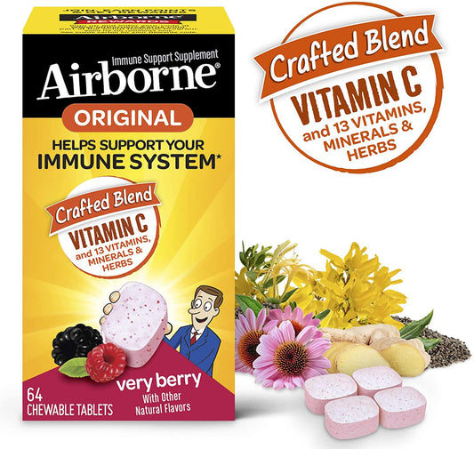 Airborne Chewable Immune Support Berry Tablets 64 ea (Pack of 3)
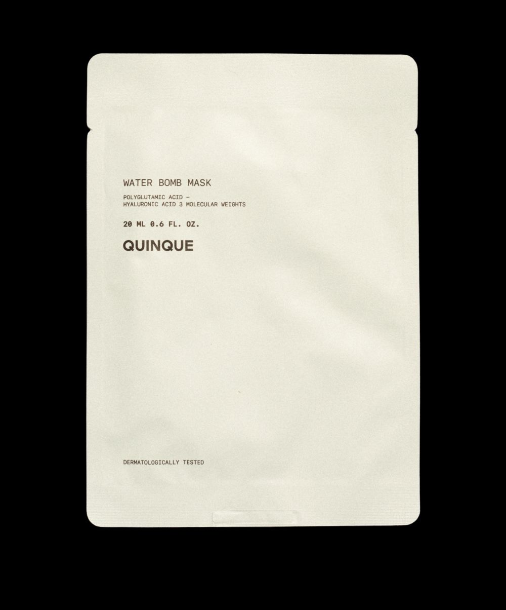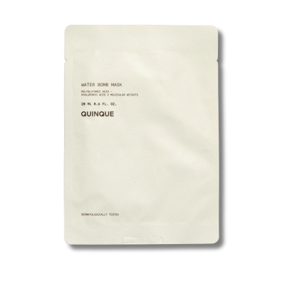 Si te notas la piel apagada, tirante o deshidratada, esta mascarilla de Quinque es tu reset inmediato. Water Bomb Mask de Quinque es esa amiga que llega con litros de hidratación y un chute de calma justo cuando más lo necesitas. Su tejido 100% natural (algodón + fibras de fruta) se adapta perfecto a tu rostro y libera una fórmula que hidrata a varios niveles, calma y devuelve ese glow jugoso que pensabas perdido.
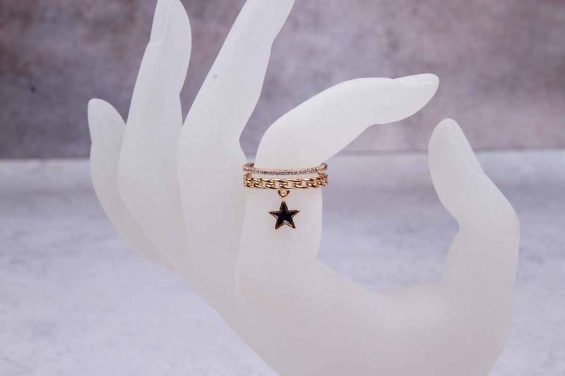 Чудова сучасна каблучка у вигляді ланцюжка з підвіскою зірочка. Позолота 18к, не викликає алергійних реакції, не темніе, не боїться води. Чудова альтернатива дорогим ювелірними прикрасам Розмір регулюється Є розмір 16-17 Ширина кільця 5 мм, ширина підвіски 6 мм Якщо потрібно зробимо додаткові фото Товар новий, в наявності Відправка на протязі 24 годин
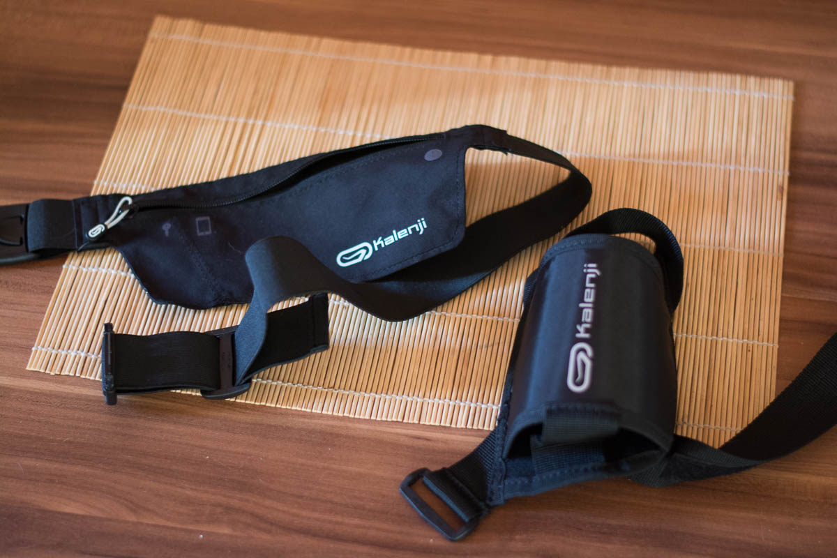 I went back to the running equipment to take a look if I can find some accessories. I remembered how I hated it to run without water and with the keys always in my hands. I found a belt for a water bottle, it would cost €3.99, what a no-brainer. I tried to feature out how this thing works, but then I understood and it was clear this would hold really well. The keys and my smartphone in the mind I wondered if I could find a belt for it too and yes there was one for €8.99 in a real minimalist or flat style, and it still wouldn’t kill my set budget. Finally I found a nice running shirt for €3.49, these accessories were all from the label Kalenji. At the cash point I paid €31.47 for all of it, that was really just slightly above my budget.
...
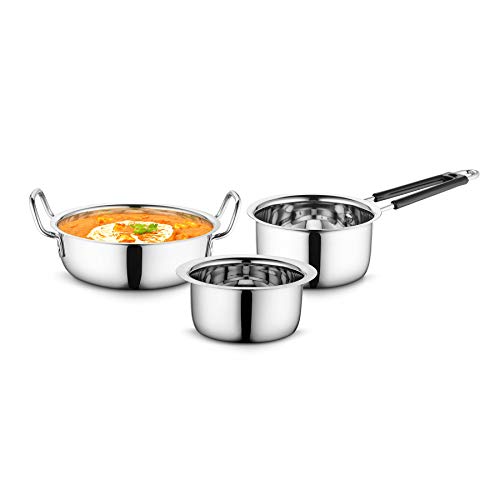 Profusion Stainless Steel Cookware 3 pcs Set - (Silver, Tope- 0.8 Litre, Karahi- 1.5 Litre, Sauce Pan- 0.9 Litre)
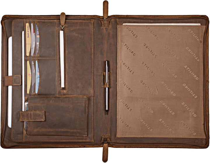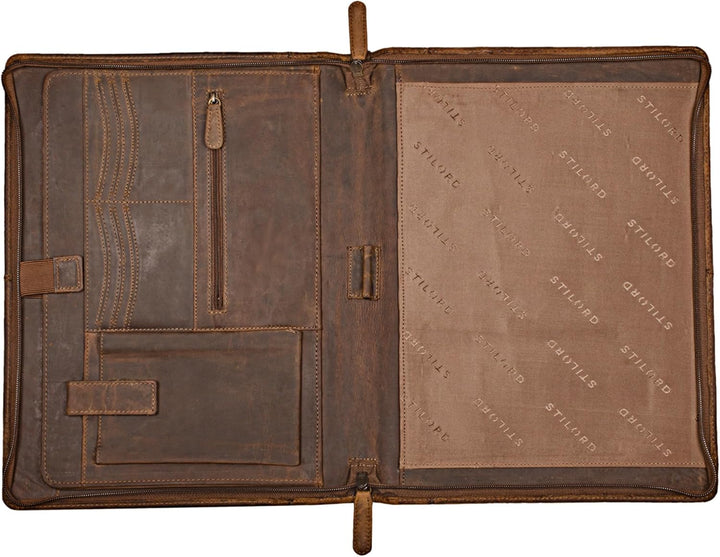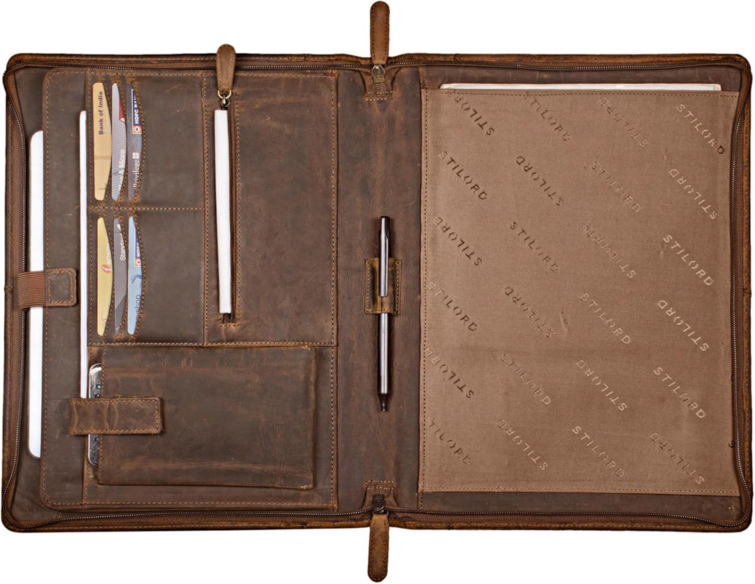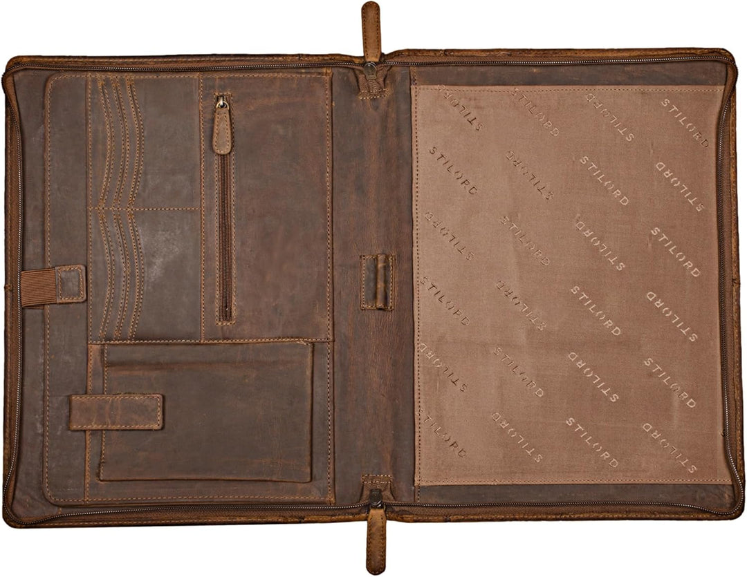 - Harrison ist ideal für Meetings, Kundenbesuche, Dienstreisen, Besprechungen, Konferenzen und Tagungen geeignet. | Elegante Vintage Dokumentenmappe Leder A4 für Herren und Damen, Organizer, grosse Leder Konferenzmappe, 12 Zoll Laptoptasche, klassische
--
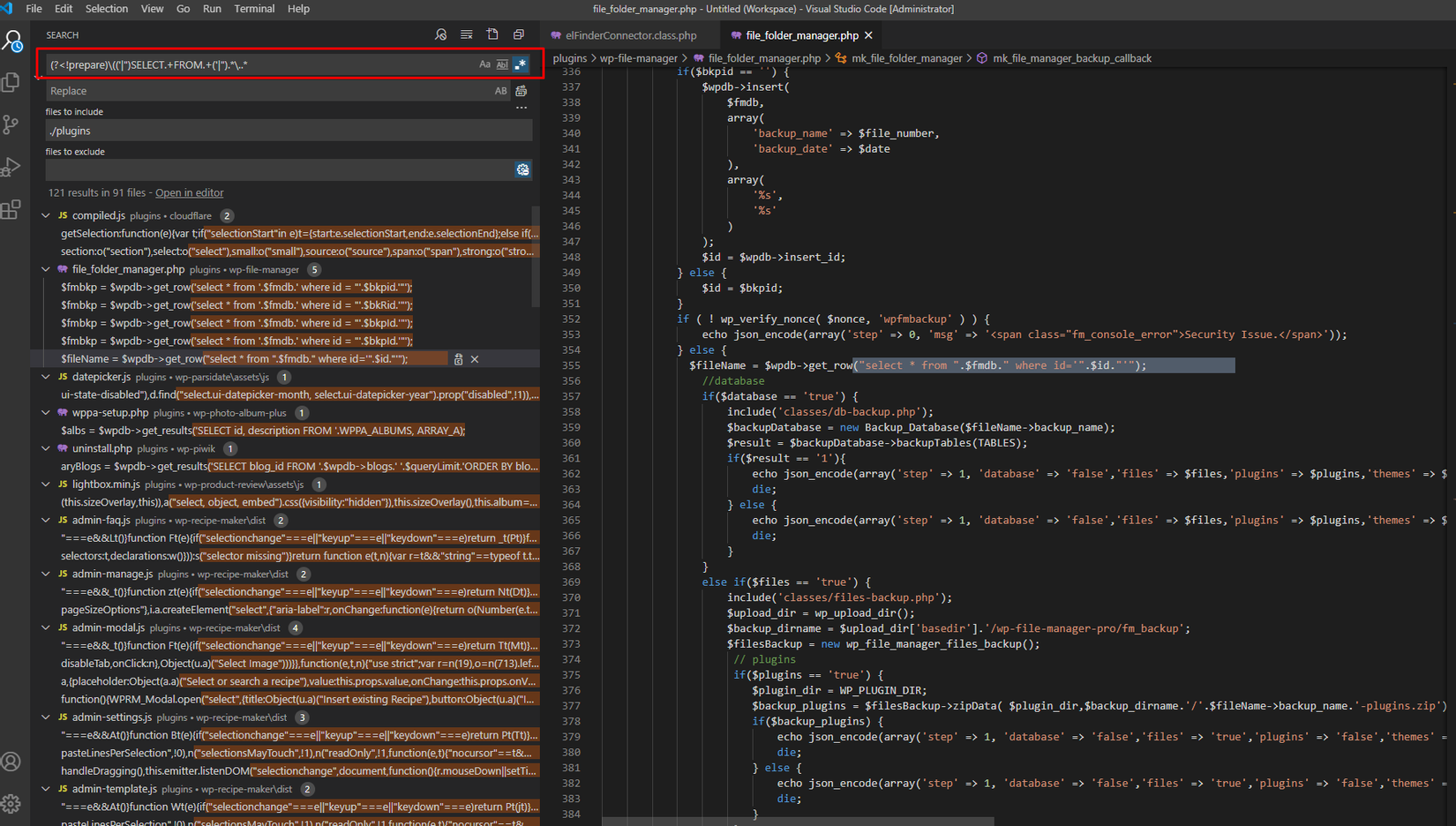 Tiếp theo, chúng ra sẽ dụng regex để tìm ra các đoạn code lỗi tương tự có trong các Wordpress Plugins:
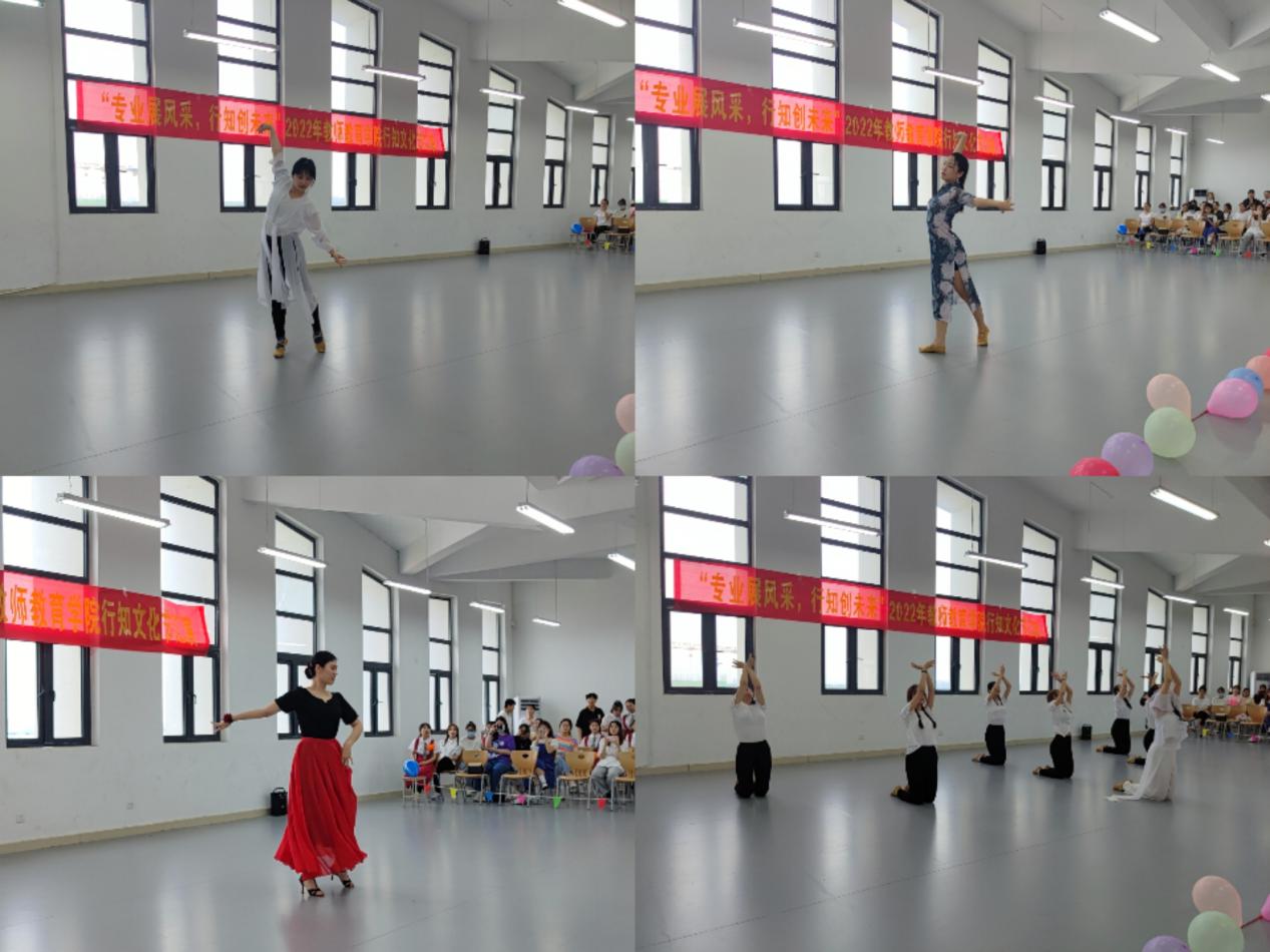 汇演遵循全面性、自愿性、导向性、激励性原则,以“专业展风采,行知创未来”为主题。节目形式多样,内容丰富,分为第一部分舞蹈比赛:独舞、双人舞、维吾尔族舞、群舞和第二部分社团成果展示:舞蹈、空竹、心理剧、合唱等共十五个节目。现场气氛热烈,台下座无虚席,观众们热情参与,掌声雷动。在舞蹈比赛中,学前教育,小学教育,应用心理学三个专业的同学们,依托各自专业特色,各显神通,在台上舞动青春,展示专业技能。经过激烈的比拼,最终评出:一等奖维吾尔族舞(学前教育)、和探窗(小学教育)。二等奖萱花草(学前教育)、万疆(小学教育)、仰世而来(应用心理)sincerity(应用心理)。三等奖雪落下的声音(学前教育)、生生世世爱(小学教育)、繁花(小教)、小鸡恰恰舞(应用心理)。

## INSTRUCTIONS FOR THE TASK
Could you write out exactly the lines of the data above that run from the one holding "Airborne Chewable Immune" to the one holding "Чудова сучасна каблучка", with both ends in and all pictures out?

## EXERCISE ANSWER
 Airborne Chewable Immune Support Berry Tablets 64 ea (Pack of 3)
 Si te notas la piel apagada, tirante o deshidratada, esta mascarilla de Quinque es tu reset inmediato. Water Bomb Mask de Quinque es esa amiga que llega con litros de hidratación y un chute de calma justo cuando más lo necesitas. Su tejido 100% natural (algodón + fibras de fruta) se adapta perfecto a tu rostro y libera una fórmula que hidrata a varios niveles, calma y devuelve ese glow jugoso que pensabas perdido.
 Чудова сучасна каблучка у вигляді ланцюжка з підвіскою зірочка. Позолота 18к, не викликає алергійних реакції, не темніе, не боїться води. Чудова альтернатива дорогим ювелірними прикрасам Розмір регулюється Є розмір 16-17 Ширина кільця 5 мм, ширина підвіски 6 мм Якщо потрібно зробимо додаткові фото Товар новий, в наявності Відправка на протязі 24 годин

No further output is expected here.